Candida Database

Candida albicans WO-1

The sequencing and annotation of five Candida species (C. albicans (WO-1), C. tropicalis, L. elongisporus, C. guilliermondii, and C. lusitaniae) was proposed by the Fungal Genome Inititative and funded by the NHGRI. These genomes as well as C. albicans (SC5314) sequenced at Stanford and the Biotechnology Research Institute of the National Research Council Canada and three related species being sequenced at the Welcome Trust Sanger Institute and at Genoscope provide an extraordinary opportunity for the comparative analysis of genes and genomes across the Candida clade, as well as to the sister Saccharomyces clade.


Project Background

Candida species are the most common human fungal pathogens. Candida cause severe systemic disease in individuals who are immunocompromised, post-surgery, or taking broad-spectrum antibiotics. Although a single species, C. albicans, is responsible for about half of the Candida infections, a wide variety Candida species contribute to the remainder, and the prevalence of these non-albicans infections is increasing (1). The genome sequence of C. albicans (SC5314) (2, 3) represented an enormous advance in the study of Candida, providing the foundation for systematic gene studies. As part of the Fungal Genome Initiative, we have sequenced and annotated five Candida species: C. albicans (WO-1), C. tropicalis (MYA-3404), L. elongisporus (NRRL YB-4239), C. guilliermondii (ATCC6260), and C. lusitaniae (ATCC42720). All clones for these five genomes were constructed here at The Broad Institute. Three additional recently sequenced genomes also fall within this phylogenetic group: C. dubliniensis, C. parapsilosis, and Debaryomyces hansenii. This growing set of Candida genome sequences allows comparisons across a range of evolutionary distances, enabling many different approaches to study the conservation of genes and regulatory elements as well as the evolution of these elements and genomic architecture within Candida species.
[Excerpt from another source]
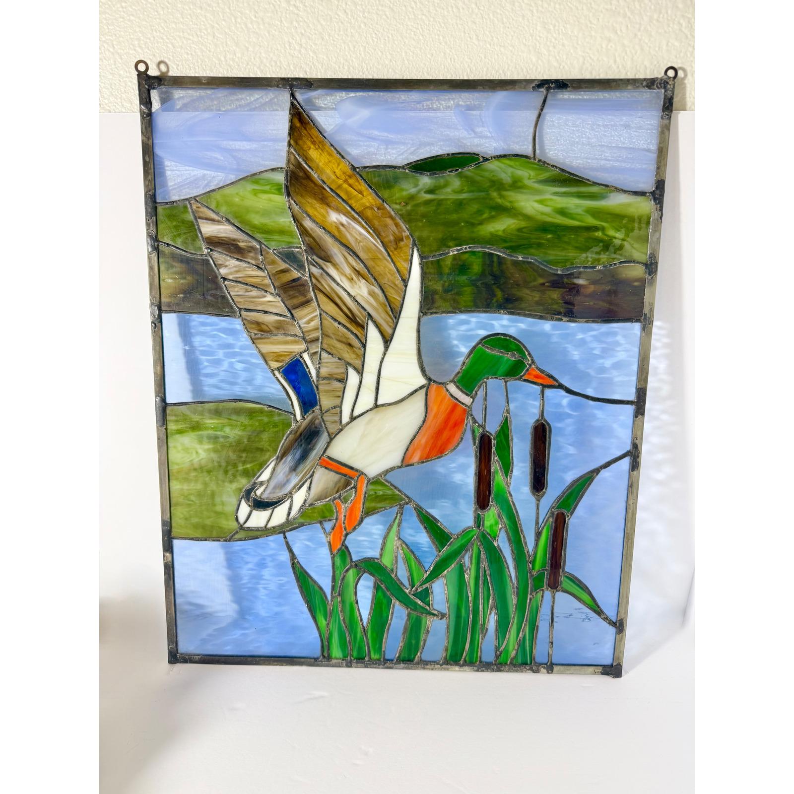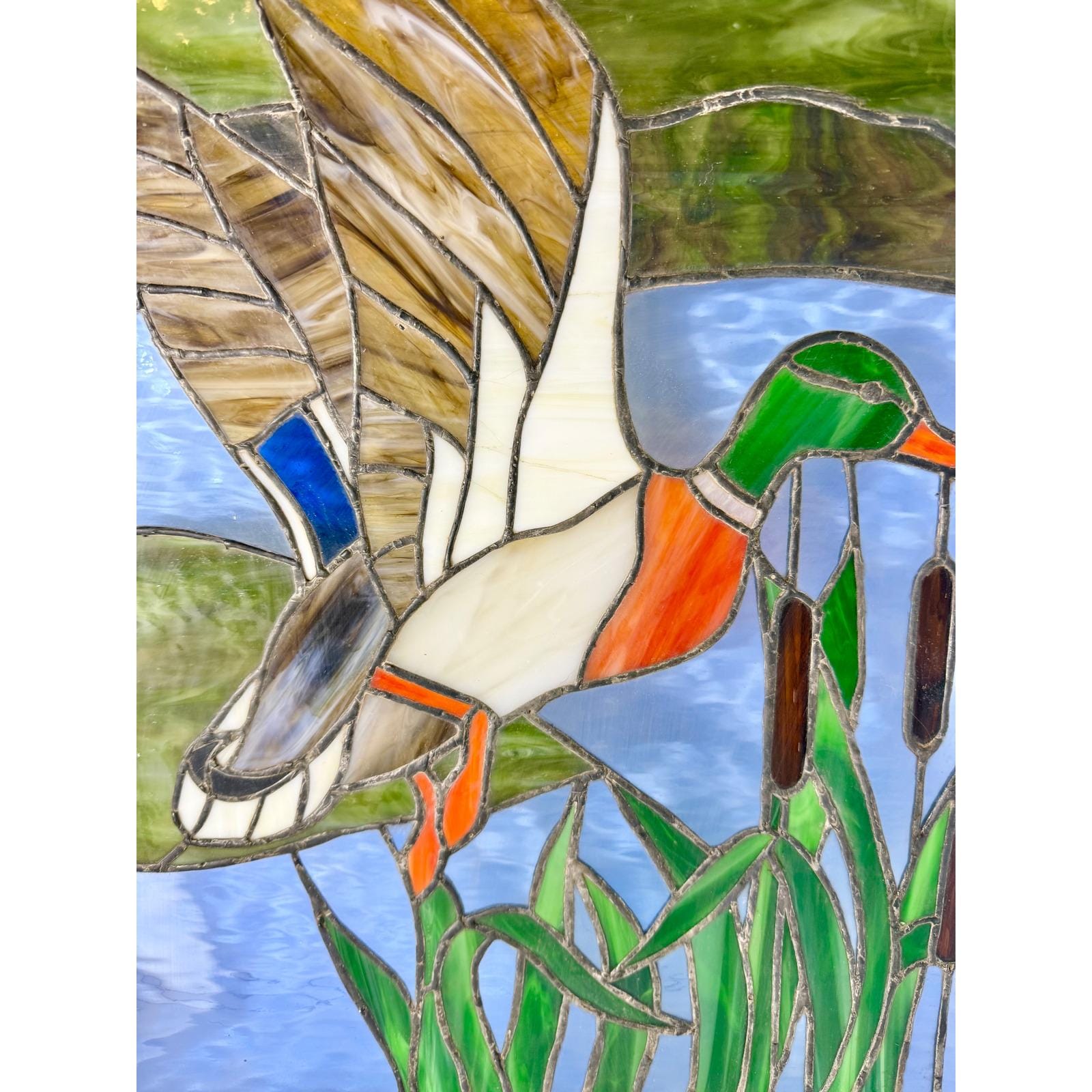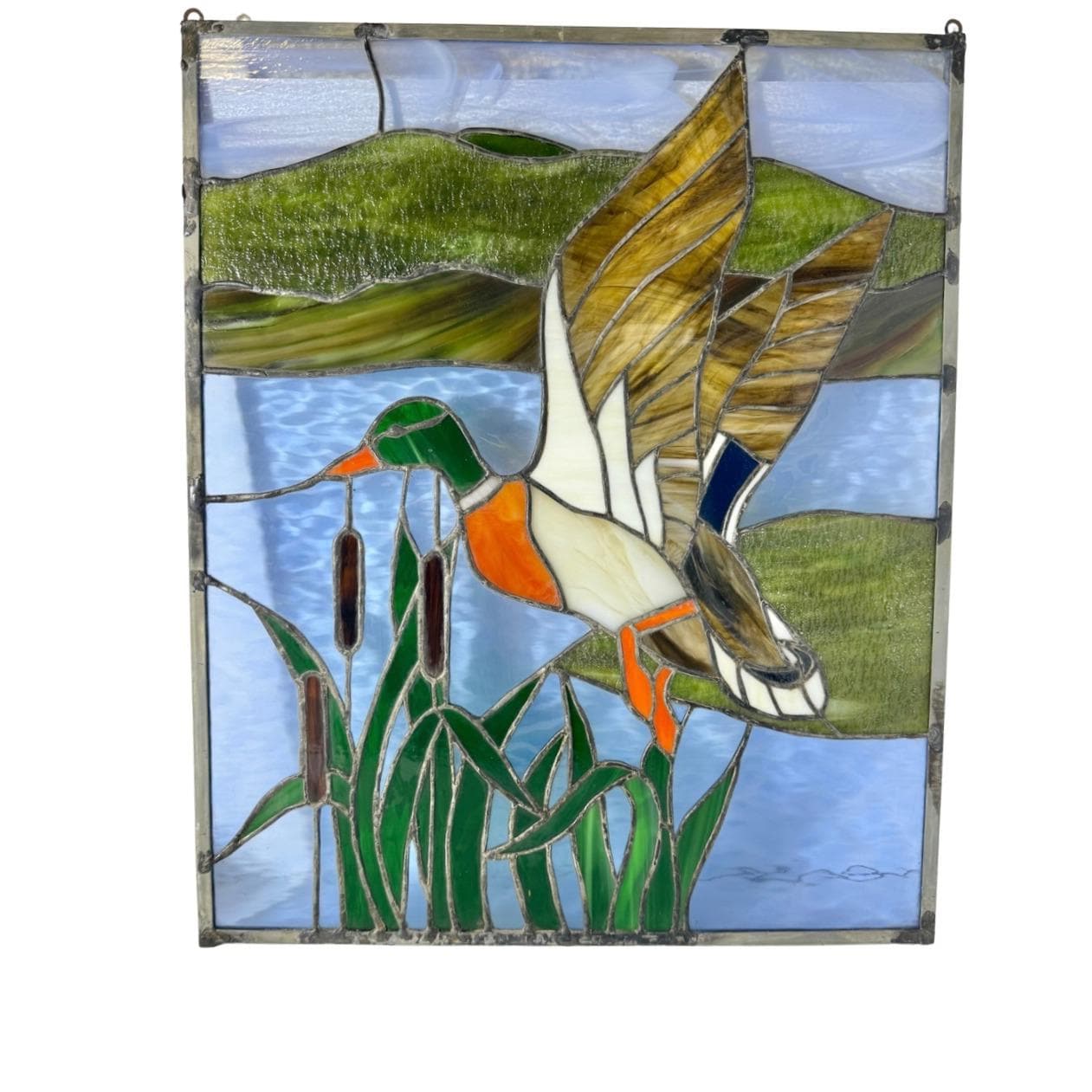 A gorgeous stained glass window panel featuring a colorful flying duck over a pond, rolling hills, and cattails.

This work is taking place within the framework of a community based analysis project led by Christina Cuomo (Broad Institute), Geraldine Butler (University College, Dublin, IRE), Neil Gow (University of Aberdeen, UK), and Michael Lorenz (University of Texas, Houston Medical School).


SNPs were discovered by comparing the sequencing reads with the reference assembly.

The reads were aligned with the assembly using the Blat algorithm. The alignments thus obtained were filtered; reads that did not have a unique placement in the assembly or had >20% gaps in them were rejected.

Neighborhood Quality Standard (NQS) algorithm was used to identify high confidence polymorphic sites. SNPs were identified as single-base sequence variants that had a minimum PHRED base quality of 25 at the position of mismatch, a neighborhood base quality of 20, and no mismatches within 5 bp.

SNP data can be downloaded here.


  1. K. C. Hazen, Clin Microbiol Rev 8, 462 (Oct, 1995).
  2. B. R. Braun et al., PLoS Genet 1, 36 (Jul, 2005).
  3. T. Jones et al., Proc Natl Acad Sci U S A 101, 7329 (May 11, 2004).